Here, if you notice, if we take the operation with reference to 'v', we
can see that w = v. This means, u contains 'v' as a sequence. It is so because,
only those bits will be '1' where u and v, both are 1. So, if 'w' has to be equal
to 'v', then 'u' must have '1's at the same positions as 'v' has 1s.

Also, you can see that w != u. Therefore, 'v' does not have 'u' as a sequence.

We shall use this method to check for multi-byte signatures.

2. Extraction of particular bits: From a byte, let's say we want to extract the last 5 bits, or the first 4, or the middle 2. How can we do it? One WTF (Worse-than-failure) method is to use a function to convert the number into the binary format (in a string) and then use string functions on it. Unbelievably, I have seen this in practice. However, we shall try not to end up on http://worsethanfailure.com .
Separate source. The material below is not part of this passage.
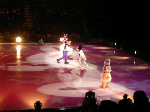 Кроме спектакля на льду, это еще и своеобразная бизнес-индустрия Дисней- в холле по весьма завышенным ценам продавались напитки, футболки, игрушки, сувениры с тематикой мультфильмов.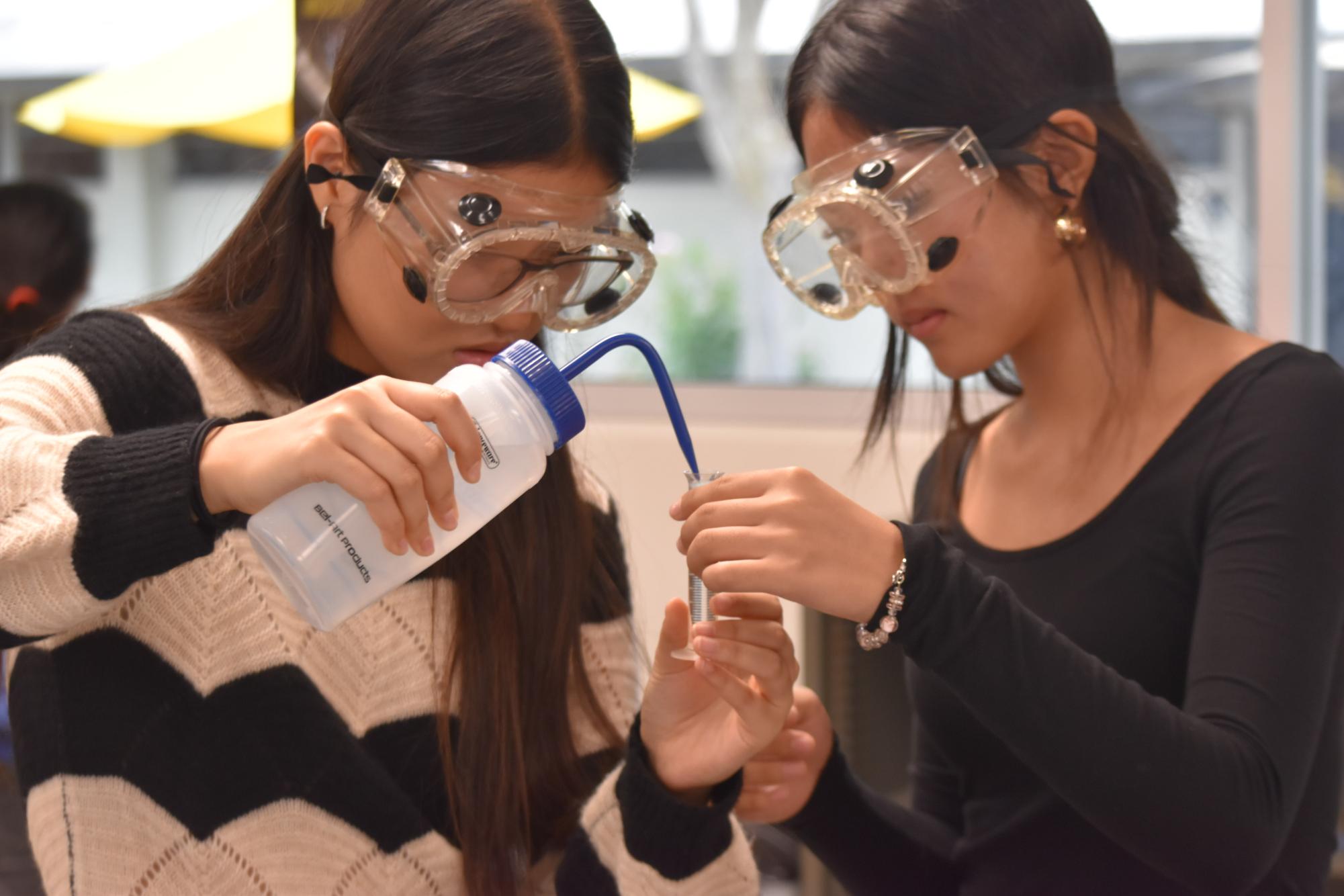 Sophomore Gloria Paik pours water into a graduated cylinder while her partner sophomore Olive Yoon holds it upright during a lab to measure the reactivity of elements for their Chemistry Honors class in Room 115 on Wednesday, Oct. 8.

To extract a particular position of bits from a byte, we create a byte which has '1's at those positions from where we need to extract the bits. Then we use the AND operator on these 2 bytes, and the resultant byte gives us the bits from those positions. For ex:

Code:

u = 11010111b
//We need the first 4 bits from u
v = 11110000b
//We have to take care of the place values of 'u'

w = u & v
  = 11010111
   &11110000
  = 11010000

Thus 'w' now contains only the 1st 4 bits of 'u'. This happens because,
since 'v' has '1' at only the the 1st four bits, all other values will
always result in '0'. On the 1st 4 bits however, thos values which are 
'0' in u, will result in '0', while the bits having a value of '1' will
result in a '1'.

Now, if we needed to truncate w = 11010000 to 1101, how do we go about it? Doing so will return us the exact value of what the 1st 4 bits will? What we are basically doing is reducing the place value of a particular segment of bits by a factor of the base i.e. everytime we remove a zero from a binary number, we divde it by '2' just like everytime we remove a 0 from a decimal number, we divide it by it's base i.e. 10 (ten). So, in this case as we have to remove 4 zeroes (in binary form), we divide it by 2^4. In hexadecimal this number is: 0xD0. Here, we have to remove only '1' zero. But, the base of the hexadecimal numeral system is '16'. Therefore, we divide it by '16'. As can be easily seen in both cases, 2^4 = 16.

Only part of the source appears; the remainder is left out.